Cada año, miles de peregrinos de Roma y del mundo acuden a participar a esta manifestación pública de fe eucarística a la que el Papa ha invitado a los fieles en estos días.

Urbano IV instituyó la fiesta del Corpus Domini mediante la bula Transiturus de hoc mundo, y confió entonces a santo Tomás de Aquino la redacción de textos litúrgicos para esta solemnidad, que fue fijada el jueves después de la octava de Pentecostés. La fiesta fue confirmada por el papa Clemente V en 1314.

Pero anteriormente, el papa Urbano IV había sido, en Bélgica, el confesor de santa Juliana de Mont Cornillon: es a ella a quien hay que atribuir el mérito de haber pedido al papa la institución de esta fiesta.

Huérfana, había sido recogida, a la edad de cinco años, con su hermana Inés, un año mayor que ella, por las agustinas de Mont-Cornillon, cerca de Lieja. Como las religiosas se dedicaban a cuidar leprosos, ellas fueron alojadas al principio en una granja. Pero a los catorce años, Juliana fue admitida entre las monjas.

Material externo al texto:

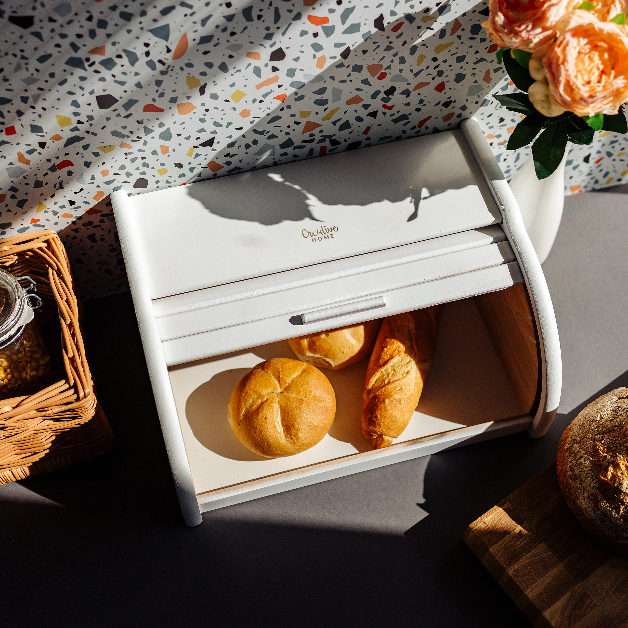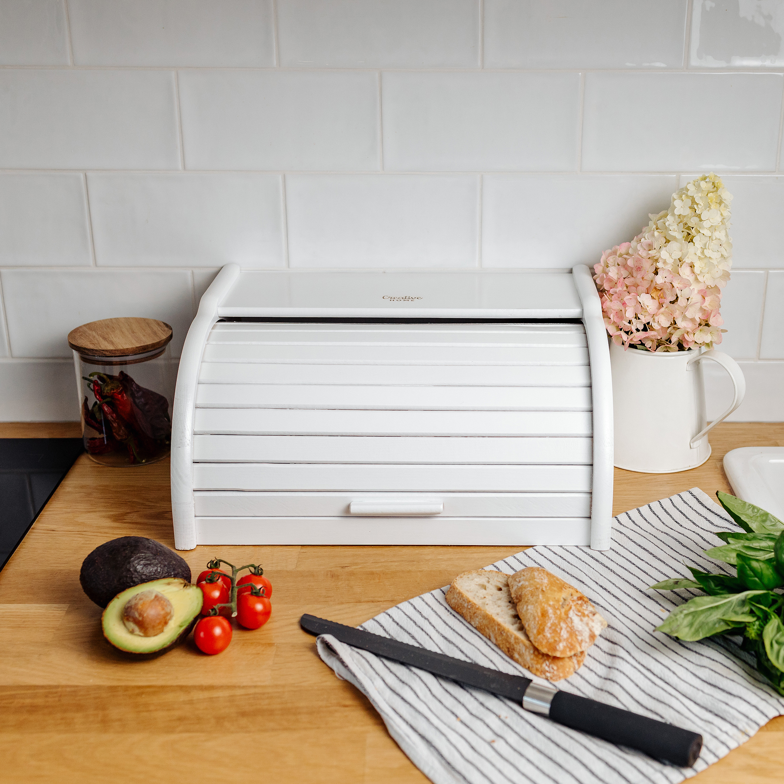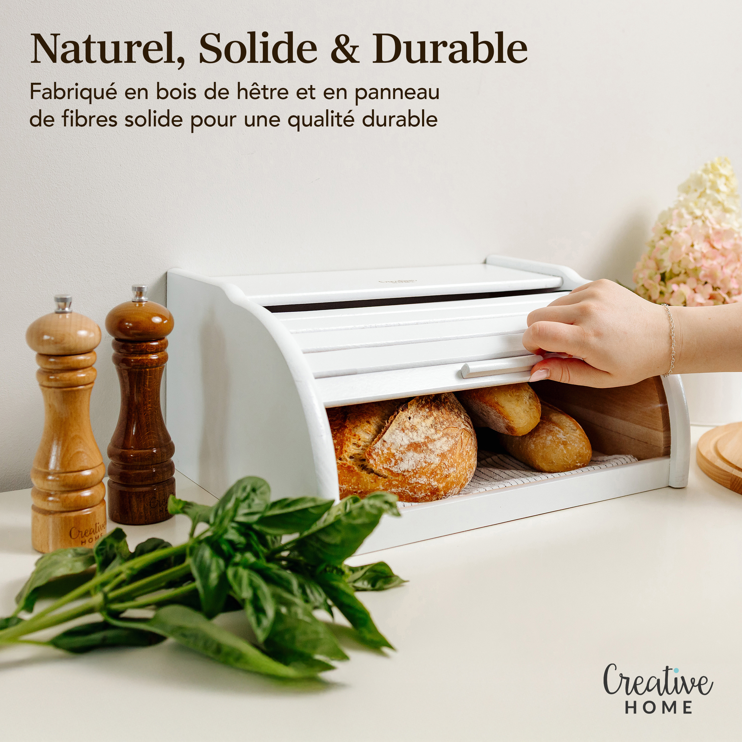 Creative Home Boîte à Pain Blanc | 38 x 28,5 x 17,5 cm (+/- 1 cm) | Boite à Pain | Boite a Pain Bois | Hu

Una visión, con la que ella fue favorecida dos años más tarde, está en el origen de sus esfuerzos por hacer instituir el Corpus Christi en honor del Santo Sacramento.

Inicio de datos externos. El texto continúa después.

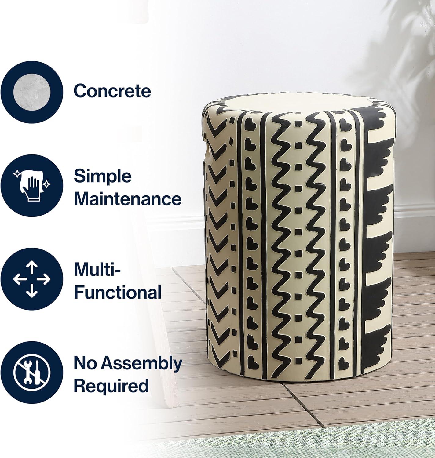 JONATHAN Y TBL1030A Rafi 17.75″ Transitional Bohemian Geometric Drum Garden Stool, Cream for Patio, Porch, Backyard(Black/Cream)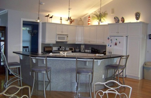 Outside, you will find a sitting area to soak in all the beautiful surroundings. Walk a little further down to the dock, and you will find a beautiful gazebo, wired with speakers to relax to your favorite tune. The private dock is perfect for catching sun rays and fishing. It's equipped with a jet ski lift and a boat slip. If you are planning to go boating, a boat ramp is conveniently located at the Bear Creek Marina, which is a short boat ride from the house. You will also find gas pumps and a Bar & Grill at the Marina. "The Lake House" also offers a concrete sidewalk down to the gazebo, and water. Easy access for a wheel chair, or stroller.

Sin embargo, al convertirse en priora, Juliana se encontró con crueles incomprensiones: fue tratada de falsa visionaria. Sus visiones, y su interpretación rigurosa de la regla agustiniana, provocaron su expulsión por dos veces del monasterio.

La primera vez, el obispo la volvió a llamar. La segunda, en 1248, se refugió en Namur, en un monasterio cisterciense, antes de abrazar la vida de eremita reclusa, en Fosses.

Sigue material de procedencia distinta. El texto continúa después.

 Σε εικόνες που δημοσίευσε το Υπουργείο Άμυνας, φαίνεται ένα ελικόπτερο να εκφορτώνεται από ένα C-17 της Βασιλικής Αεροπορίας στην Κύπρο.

La abadía cisterciense de Villers, entre Bruselas y Namur, le ofreció sepultura, por ello la iconografía la representa vestida con el hábito de los cistercienses.

Mientras tanto, transmitido por la beata Eva de Lieja (+ v. 1266), sus esfuerzos no fueron en vanos, pues la fiesta del Santo Sacramento fue introducida en la diócesis. Y fue extendida a toda la Iglesia por Urbano IV, seis años después de su muerte. Fue él quien celebró el primer Corpus en Orvieto, con gran solemnidad.

La solemnidad del Corpus Domini se remonta en efecto a 1264, cuando se acogieron las devociones eucarísticas nacidas en los siglos XII y XIII, en reacción contra las dostrinas que negaban la presencia real de Cristo en el pan y el vino consagrados.

A esta época se remonta también el “milagro de Bolsena”, ciudad junto al lago que lleva su nombre, en el Lacio, al norte de Roma. Un sacerdote de Bohemia, Pedro de Praga, dudó de la presencia real de Cristo en la Eucaristía, mientras celebraba la misa: vio entonces gotas de sangre manar de la hostia, manchando el lienzo del altar y la piedra. Informado del hecho, el papa pidió que se le remitieran los lienzos sagrados y se desplazó él mismo a recibirlos, acompañado por toda la corte pontificia.

Los acontecimientos se relatan en los frescos de la catedral de Orvieto. Gran parte de las reliquias se conservan allí: la hostia, el corporal y los purificadores de lino.

En Bolsena se puede ver aún el altar del milagro en la basílica de Santa Cristina, así como las piedras manchadas de sangre.